RE: Water in Diesel - can anybody do it30 Nov 2025 14:03
Yes, WIO and OIW are surprisingly different.
Surface chemists typically to refer to these elements as phases (water phase, oil phase). The 'outermost' phase is the continuous phase, the inner phase called 'dispersed'.
The continuous phase tends to have by far the greatest influence on the viscosity. Hence, if you can have water as your continuous phase, you can control the viscosity very precisely by varying the amount of water (and water's viscosity is low compared to heavy oil). That's what we have with Quadrise MSAR/bioMSAR/MSAR Zero — it's an OIW, with water being the continuous phase and oil being the dispersed phase.
As you reduce the amount of water in the continuous phase, you get more interactions with and between the phases, allowing more influence of the dispersed phase.
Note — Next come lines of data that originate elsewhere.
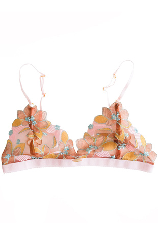 Made from floral embroidery in a classic silhouette, with adjustable shoulder straps for a personalised fit, fastening at the back with a hook-and-eye closure.
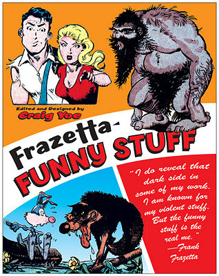 Funny Stuff by Frank Frazetta. "Frank Frazetta ha sido (con justicia) denominado como El Gran Maestro del Arte Fantástico. Sin embargo, es poco conocido que Frazetta también conquistó otros mundos de la Edad Dorada de los cómics, como lo demuestran sus historias cómica de animales antropomórficos o hilarantes habitantes de la montaña. Y aún aquellos que estaban al tanto de esta faceta de Frazetta, no sabían cuan grande era su extensión. La de este libro, con 256 páginas en gran tamaño. ¿Mencionamos también que hay feroces y terroríficos lobos y criaturas pantanosas entre la gran cantidad de historias con animales ilustradas por Frazetta cómo sólo él podía hacerlo? Y leones y tigres y osos… Todo ello antes de que las famosas pinturas de Frazetta abrazaran los mismos tópicos. Pero esperen, hay más: Podrán apreciar la semilla de la chica Frazetta en las aventuras adolescentes de la sexy Kathy. Y la doble hot de Daisy Mae, Clarabella, en las cómicas historias del montañés Looey Lazybones. La introducción corre por cuenta del afamado director de dibujos animados Ralph Bakshi, que conoció bien a Frazetta y trabajó con él como co-productor del filme animado Hielo y Fuego. Y por ello, Bakshi nos comparte pensamientos, anécdotas, fotos y dibujos de Frazetta. Incluso, Bakshi realizó una pintura especial de Frazetta y él mismo como animales antropomórficos para este hermoso y delicado libro, editado y diseñado por Craig Yoe".
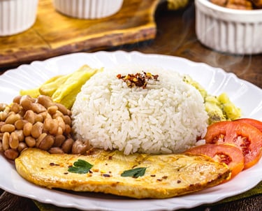 3- Arroz + feijão + filé de frango grelhado + salada
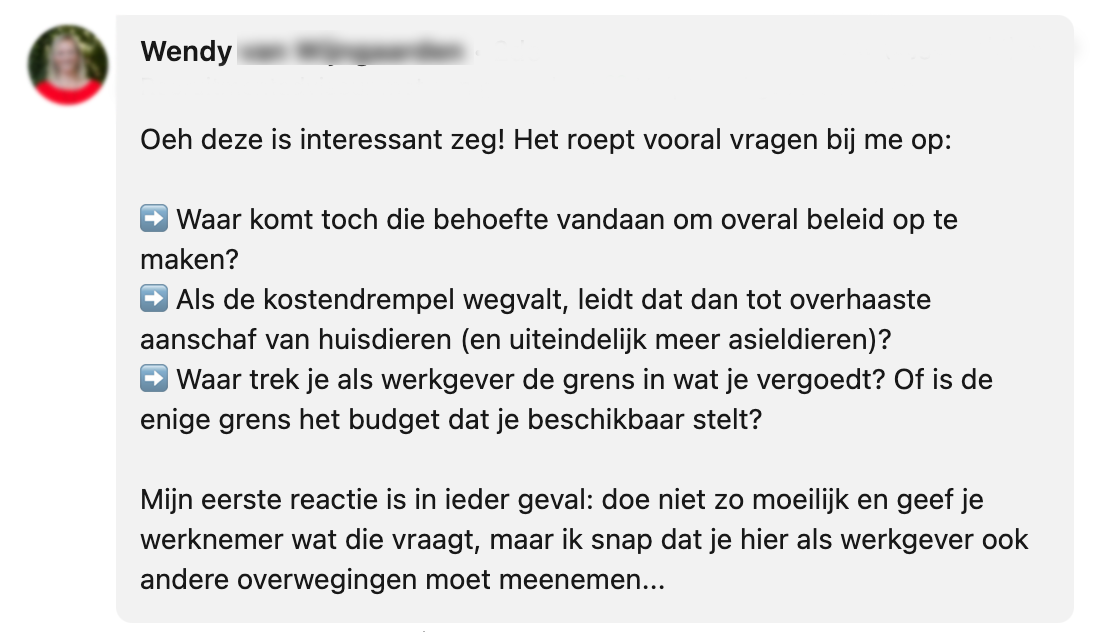 Werknemer wil hond kopen van vitaliteitsbudget en dit is voer voor flinke discussie
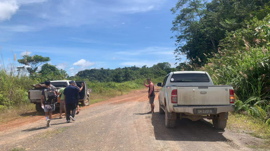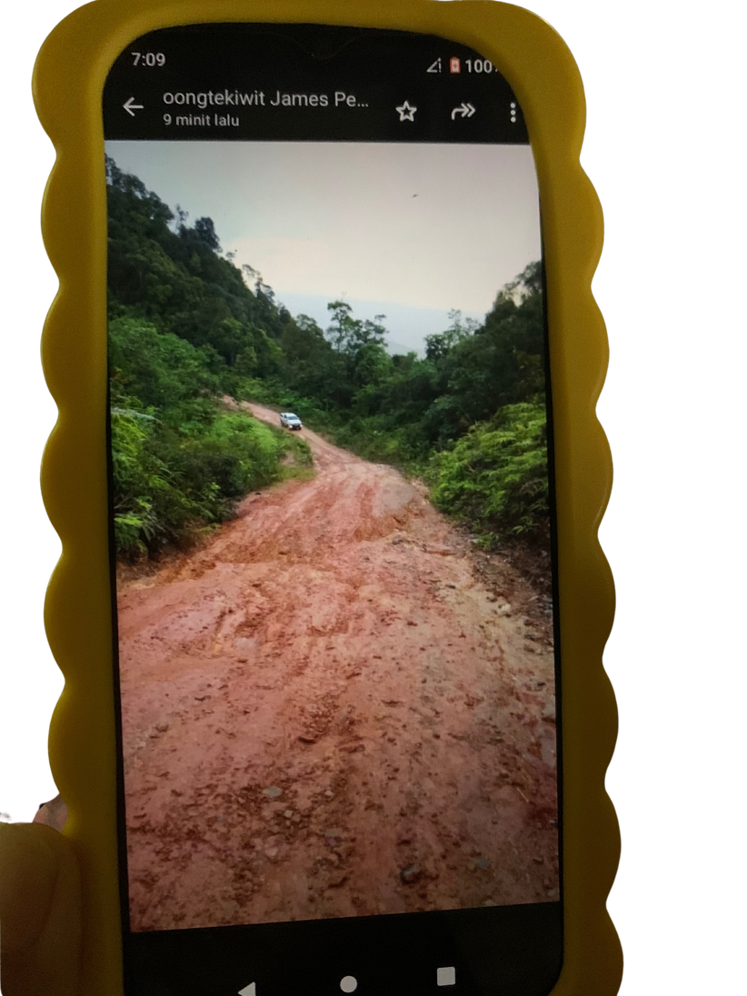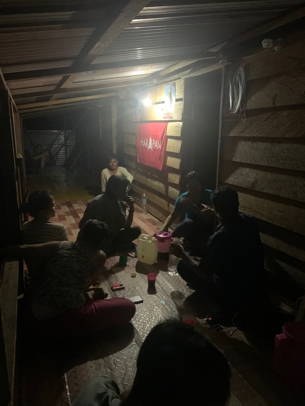 出發的前一晚,門外下著大雨,而James傳到頭目家的照片,讓大家都非常擔心。他們提前一晚從Miri(砂勞越的第二大城)開車到Long Iman,但連下了五天的雨,讓山路泥濘難以行駛,他們的車卡在路上,動彈不得,必須在半路過夜。
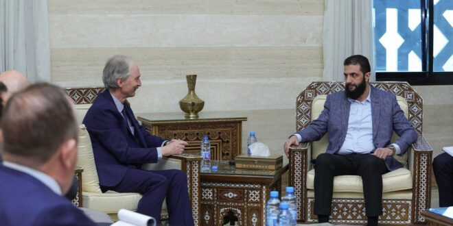 Damas – SANA / Lors d’une réunion, le chef de la nouvelle administration, Ahmad Al-Charaa, a examiné avec l’envoyé spéciale de l’ONU pour la Syrie, Geir Pedersen, la nécessité de reconsidérer la résolution 2254 compte tenu des changements survenus sur la scène politique.
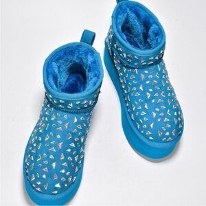 Keep your toesies warm and your wardrobe stylish with Interble! Features a lightweight design, velvety suede finish, sparkling rhinestone accents, and fur-lined interior. Plus, the 2” platform gives you an extra boost. NOTE: the stock photos have a lighter blue hue, but please see pics of actual item - they are dark blue.
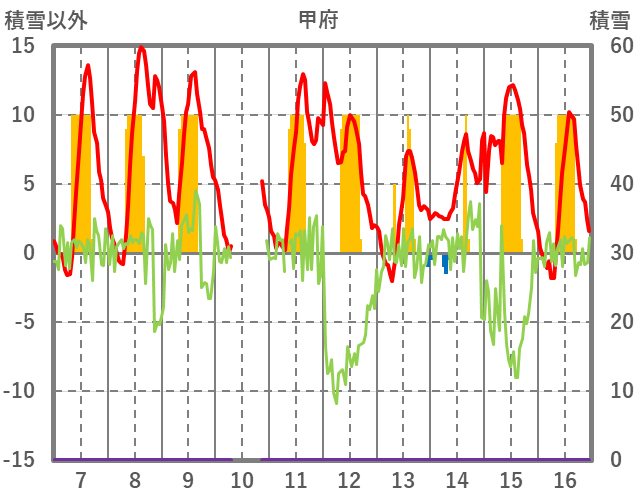 | 日 | 時 | 気温 | 降水 | 風向/風速 | 日照 | 積雪 | 降雪 |
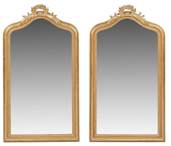 Paar große Trumeauspiegel Holz, reliefiert und vergoldet. Gerade, hochrechteckige, umlaufend profilierte Spiegelrahmung mit hochaufgeworfenem, geschweift ansteigendem Abschluss sowie Bekrönung aus üppigem Lorbeerblatt. Facettiertes Spiegelglas. H. 178 cm x 100 cm.
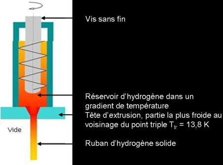 L'extrusion se fait dans un état quasi solide au voisinage du point triple, point où le solide, le liquide et le gaz sont en équilibre. Pour l'hydrogène, le point triple correspond à une température Ttr = 13,8 K et une pression Ptr = 70,4 hPa.
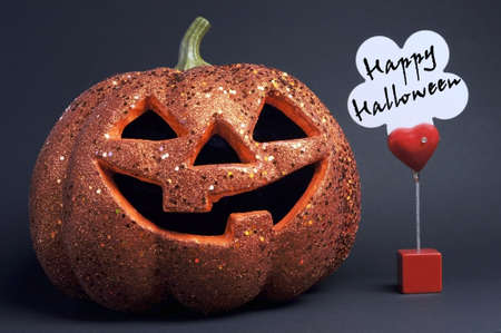 Happy Halloween orange color fun pumpkin with scary face and red heart sign and message on black background
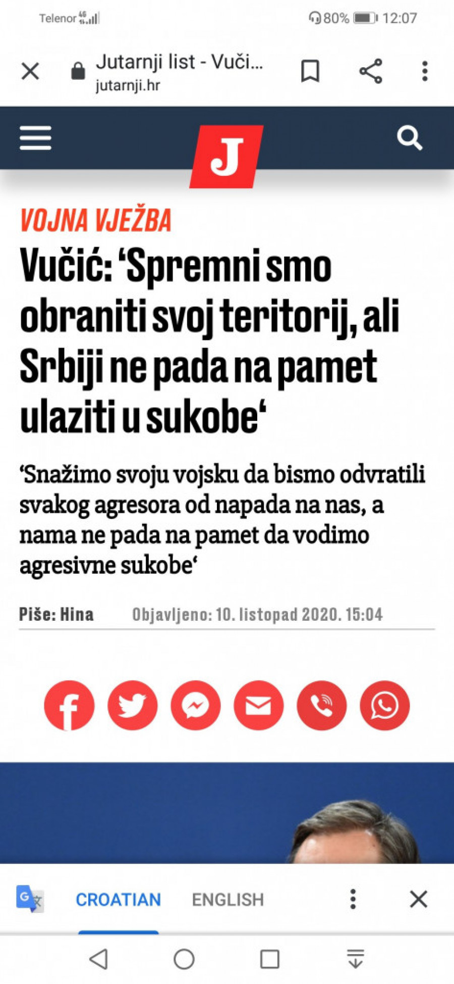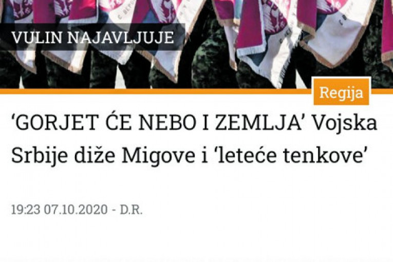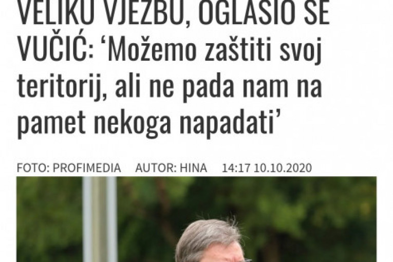 Vojna vežba srpske vojske izazvala je poštovanje čak i Hrvata, koji tradicionalno pljuju srpsku vojsku, ali ne i saradnika Dragana Đilasa. Avioni, moćni helikopteri poput "letećeg tenka", koji su bili deo spektakla na Pešteru u okviru vežbe "Sadejstvo 2020." za đilasovce su povod da, koristeći Vojsku, pljuju Aleksandra Vučića i vlast, koja je uspela da borbenu gotovost podigne na mnogo viši nivo nego što je to bilo u vreme njihove vlasti.
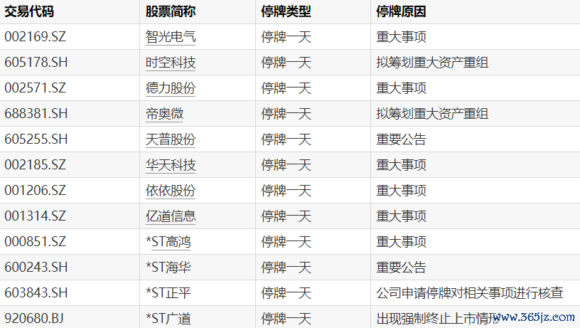 A股停牌提示:9股今日停牌A股停牌提示:9股今日停牌
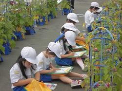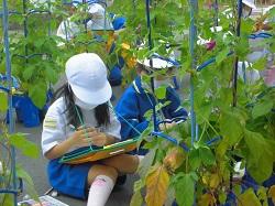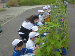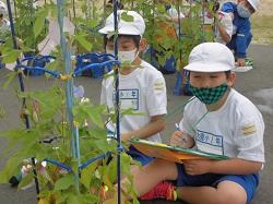 「アサガオの成長を観察して、その結果を記録すること」をテーマに活動していました。子どもたちは、花や葉、茎の色・形・大きさ等をしっかり観察して、絵や言葉で用紙に書きまとめていました。

For example, particle-particle interactions, surface interactions, forces, etc... And the viscosity goes up (e.g. van der Waals forces, hydrodynamic effects, surface chemistry magic, etc).
It is surely a gross oversimplification, but I like to think of viscosity as a kind of inter-molecular friction, and as molecules interact more with each other, that increases the viscosity as if there's more friction, because the molecules don't want to be pulled apart. Almost like rubbing increasingly coarse sandpaper.